Things will never be the same.

Kingdon: Crispin Porter + Bogusky won for its Subservient Chicken work for Burger King. What’s the real scoop? What made its work stand apart from all the competition?

DeCourcy: Subservient Chicken won for a variety of reasons. First, it received the most votes in each of its two submitted categories, which means it received the most jury recognition. Also, each year the jury chair is given the power to select a piece of work and give it a Grand Clio (a combined recognition for most votes/categories won and impact on the industry). I felt the work merited the Grand Clio because www.subservientchicken.com was the most talked-about URL of the year, after Google. (Try to think of someone who didn’t receive it in his or her inbox.) I felt Subservient Chicken, good or bad, inherently changed the way online marketers attempted to harness the power of the Web for the majority of last year.

Kingdon: Troy, what was your jury experience like? What work was noteworthy and why? What does it take to win a Clio?

Young: Being a judge gives you a fantastic perspective of the best work being done all over the world. It also gives you a chance to see major trends. This year, we saw the fall of the dense and overtly complicated. A lot of heavy interface that dominated in past years (like Nike) got solid scores but didn’t break through.

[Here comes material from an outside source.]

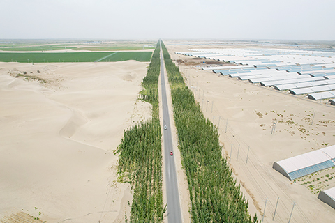 圖為在新疆和田地區和田縣拍攝的防護林帶,道路兩邊是沙漠飼草基地和設施農業基地(六月二十日攝,無人機照片)。(新華社記者丁磊 攝)
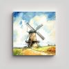 Pinturas De Decoración De Campo De Molino Con Cielo Azul En Acuarela De Estilo De Boceto Detallado De Arte Abstracto

So much of the work was good, it was really hard to stand out on a design level. The work that won was conceptually elegant and cultural. It was much more than good design.

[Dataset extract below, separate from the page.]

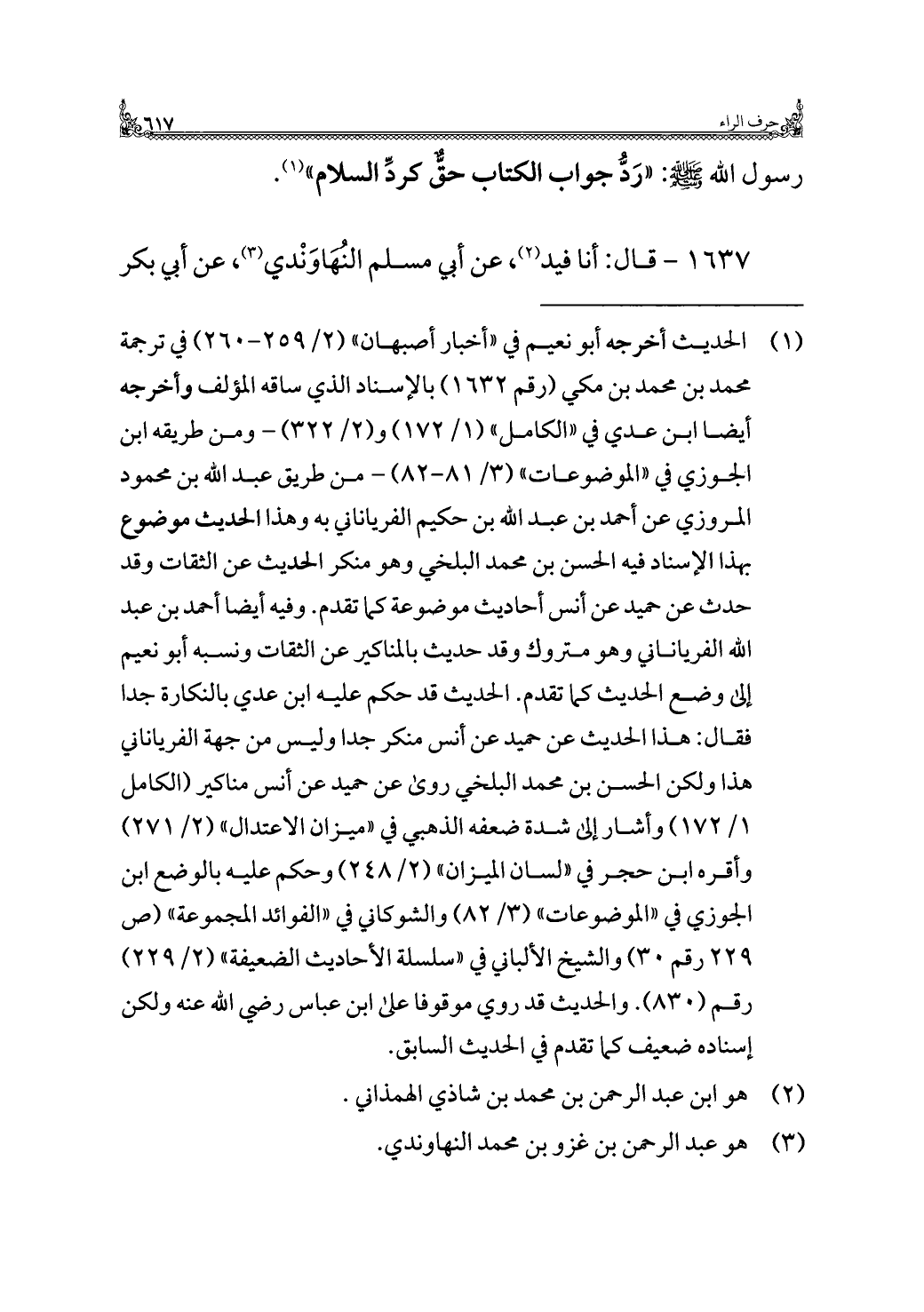(¬١) الحديث أخرجه أبو نعيم في "أخبار أصبهان" (٢/ ٢٥٩ - ٢٦٠) في ترجمة محمد بن محمد بن مكي (رقم ١٦٣٢) بالإسناد الذي ساقه المؤلف وأخرجه أيضًا ابن عدي في "الكامل" (١/ ١٧٢) و (٢/ ٣٢٢) - ومن طريقه ابن الجوزي في "الموضوعات" (٣/ ٨١ - ٨٢) - من طريق عبد الله بن محمود المروزي عن أحمد بن عبد الله بن حكيم الفرياناني به وهذا الحديث موضوع بهذا الإسناد فيه الحسن بن محمد البلخي وهو منكر الحديث عن الثقات وقد حدث عن حميد عن أنس أحاديث موضوعة كما تقدم. وفيه أيضًا أحمد بن عبد الله الفرياناني وهو متروك وقد حديث بالمناكير عن الثقات ونسبه أبو نعيم إلى وضع الحديث كما تقدم. الحديث قد حكم عليه ابن عدي بالنكارة جدًا فقال: هذا الحديث عن حميد عن أنس منكر جدًا وليس من جهة الفرياناني هذا ولكن الحسن بن محمد البلخي روى عن حميد عن أنس مناكير (الكامل ١/ ١٧٢) وأشار إلى شدة ضعفه الذهبي في "ميزان الاعتدال" (٢/ ٢٧١) وأقره ابن حجر في "لسان الميزان" (٢/ ٢٤٨) وحكم عليه بالوضع ابن الجوزي في "الموضوعات" (٣/ ٨٢) والشوكاني في "الفوائد المجموعة" (ص ٢٢٩ رقم ٣٠) والشيخ الألباني في "سلسلة الأحاديث الضعيفة" (٢/ ٢٢٩) رقم (٨٣٠). والحديث قد روي موقوفًا على ابن عباس رضي الله عنه ولكن إسناده ضعيف كما تقدم في الحديث السابق.

Kingdon: Colleen, you made a point in your speech that there are individual awards for creative in different media categories, but in the future there could be one award for great communication campaigns. This was clearly a nod to the increasing importance of integrated marketing.

DeCourcy: Ty Montague, co-president and chief creative officer at JWT [who was] chair of the Content and Context jury for integrated campaigns and I were making essentially the same points.

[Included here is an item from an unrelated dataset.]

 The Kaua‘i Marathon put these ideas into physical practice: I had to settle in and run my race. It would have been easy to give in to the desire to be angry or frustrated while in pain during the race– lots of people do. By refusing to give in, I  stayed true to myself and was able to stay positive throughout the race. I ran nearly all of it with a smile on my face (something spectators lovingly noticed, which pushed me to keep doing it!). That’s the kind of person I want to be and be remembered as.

Online, offline, and media are the three elements required to catch a consumer’s imagination today. There’s a diminished return any time you use only one or two of those pillars in isolation. Great creatives know how to think like planners, and great planners put creative in places where it has the most relevance. Our client, Julie Roehm, the Chrysler Group’s director of marketing communications, said it best: “It’s important to be consistent across the three pillars of traditional advertising, which are broadcast, print, and Internet.”

Judging these elements as separate entities in award shows like the Clios becomes a redundant process. It’s all about how all the campaign channels work together to create an evocative experience for viewers.

Kingdon: What did you take away that can and should influence our work in 2005?

Young: The Internet isn’t our exclusive domain anymore, amazing for those of us at interactive agencies. It will set the bar high. Traditional agencies are very focused on how they can use the medium to render complex campaigns and brand stories. It’s all about big concepts and big ideas that transcend media now. Interactive, direct, and traditional agencies are in the same game today.

DeCourcy: We live in an opt-in world. Consumers don’t have to watch, read, or navigate our ads. So great work now is work that evokes a response, an inquiry, a challenge, a question, a thought, an action. Truly exceptional work is work that gets passed on by consumers.

There are still too many one-off banner campaigns that rely on play on words or a visual pun to work and don’t bother to go deeper. They’re not experiences, they’re ads.

While “integrated” is the big focus today, integrated campaigns can very easily get too complicated. We have to be wary of asking too much of the consumer. Quick, immersive touch points across many screens that make us feel like we’ve spent more time with the product, service, or brand than we have are most likely to succeed.

Clients are back in “big idea” mode. This is fueling the creative renaissance we’re seeing in advertising generally, and in our space especially.

Conclusion

It’s an exciting time. The big idea is back. New agencies are challenging old ways of thinking. The Internet is a core part of every major campaign. And more than ever, the consumer is in control.